I became so depressed I lost the ability to function.

Finally at the end of 1986 I fled San Francisco.

I had seen too much death.

Perhaps it was seeing the men gathered around the body of one of their friends who collapsed and died on Castro Street a few doors down from the hardware store.

I went to Los Angeles where I discovered a number of my transgender friends, sisters I had photographed in the 1970s were dead or dying.

Surprisingly less so among sex workers than among the sisters who were performers and who had prided themselves on not getting paid for sex.
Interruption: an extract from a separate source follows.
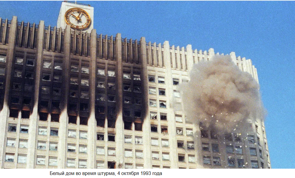 3 и 4 октября 1993 года политическое противостояние президента Бориса Ельцина с вице-президентом Александром Руцким и председателем Верховного совета Русланом Хасбулатовым закончилось вооруженными столкновениями в Москве. Конфликт начался в декабре 1992 года — Съезд народных депутатов во главе с Хасбулатовым пытался поправками в конституцию РСФСР уменьшить полномочия президента, а Ельцин отвечал указами, укрепляющими его власть. 21 сентября 1993-го Ельцин подписал указ № 1400 о роспуске Верховного совета. Большинство депутатов во главе с Хасбулатовым отказались подчиняться и забаррикадировались в Доме советов, в здании, где сейчас находится правительство РФ. 3 октября начались столкновения, сторонники ВС прорвали осаду Белого дома и пытались захватить телецентр в Останкино. 4 октября верные Ельцину войска взяли Дом советов штурмом. В эти два дня в столице погибло 124 человека, 348 получили ранения. После победы Ельцина была принята современная Конституция с очень большими полномочиями у президента и с урезанными — у парламента. Спустя 25 лет после этих событий «Медуза» вспоминает некоторых главных их участников с обеих сторон.

My preaching of condom use often fell upon deaf ears and yet I continued to preach it until my friends started using them and stopped having sex without them.

In the late 80s I learned that Kim had died of AIDS.  Then a cousin, only my relatives tried to say he died of a heart attack.

LA had more cases of AIDS but living there and dealing with it was more manageable because there were so many more people in LA and because drugs were starting to come available.

In 1994 I was very sick with something that wouldn’t go away. I was tested and came back HIV negative.  I had a drug resistant pneumonia that required some serious antibiotics to cure.

Occasionally someone I knew would become HIV Positive and a couple developed full blown AIDS and died but the worst was over.

People started talking about living with HIV and it became manageable.

As much as I hated that poster for the truth that it spoke…

I see the pictures shown on that documentary and remember the sunken face of the corpse like men who wandered the city of Oran by the Bay and I am haunted by the memories.

I guess I wasn’t as wild as I thought, I never shot drugs and I guess I was lucky to have lived through those times when so many around me were dying.

I am still angry with Reagan and the Republican indifference.

I am still angry with those who called this horrible disease a sign from some evil god.  Furious with those who abused the sick and dying.

So many of those sweet, talented loving gay men were so much better than any hate spewing religious fanatic or right wing scum bag politician.